Я глубже эту истину пойму,
Когда мне стукнет семьдесят четыре.

И порешив на этом же году,
Что мы без Бога плеснеем и стынем,
Обвешавшись веригами пойду
На поклоненье тамошним святыням.

И ко всему мирскому слеп и глух,
Я буду в каждом встречном поселеньи
Пугать неразговорчивых старух
Рассказами о светопреставленьи.

И, наконец, на семьдесят шестом,
В Боливии, в местечке Санта-Роза,
Чрезмерным изнурив себя постом,
Скончаюсь от артериосклероза.

"Поэма о дне" написана 1 марта. Суббота – 5 марта. Среда.

1924 года в Москве

"Над рассудком празднуя победу…"

Над рассудком празднуя победу
Все равно на радость иль беду
Я с тобой в Австралию поеду
В этом или в будущем году.

Пусть нас шторм раскачивает бурно
В океане грозном и седом,
Бросит якорь в гавани Мельбурна
Точно в срок наш плавающий дом.

Будет запад золот и рубинов,
И под гонг, сумятицу и крик,
Ты к себе, а я свой дом покинув,
Мы сойдем на странный материк.

Где с рычаньем рыщет динго карий
И заводят шумную игру
В голубой тени араукарий
Удивительные кенгуру.

Где из чащи эвкалиптов видно
Как с густой слюной на языке,
Подползает жадная ехидна
К утконосу спящему в песке.

Где забравшись на ночь в дикий крокус,
Казуар лишается хвоста,
И гигантский светится Канопус
Под созвездьем Южного Креста.

Где – увы! – невежественны массы
И вполне возможно, что весной
Невоспитанные папуасы
Захотят полакомиться мной.

Но и с перспективами такими
Я не против выскажусь, а за,
Коль зовут последовать за ними
Эти первобытные глаза.

<1924 г. 16 июня. Понедельник.

Москва>

"Мы слушаем стихи, о ритмах говорим…"

Мы слушаем стихи, о ритмах говорим,
Но разве утаить в мешке возможно шило?
И может быть уже в классический Нарым
Кого-нибудь из нас судьба послать решила.

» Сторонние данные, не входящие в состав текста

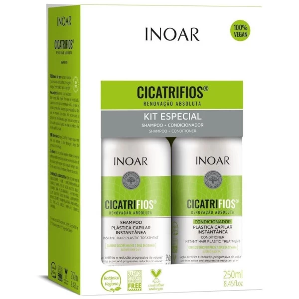 Duo shampooing & conditionneur Cicatrifios Inoar, pour renouveler tous les types de cheveux.

И если для меня готов такой удел,
Я с первого же дня без всяких промедлений
Займусь с энергией, достойной лучших дел,
Организацией сознательных тюленей.

Пока в них интерес к ученью не зачах,
Мы политграмоту закончим в три урока,
Затем я освещу им в пламенных речах
Путь классовой борьбы достаточно широко.

И убедившись в том, что поняли они,
Что масса лозунги как следует впитала,
Я с увлечением столь редким в наши дни,
Прочту им, наконец, кой-что из "Капитала".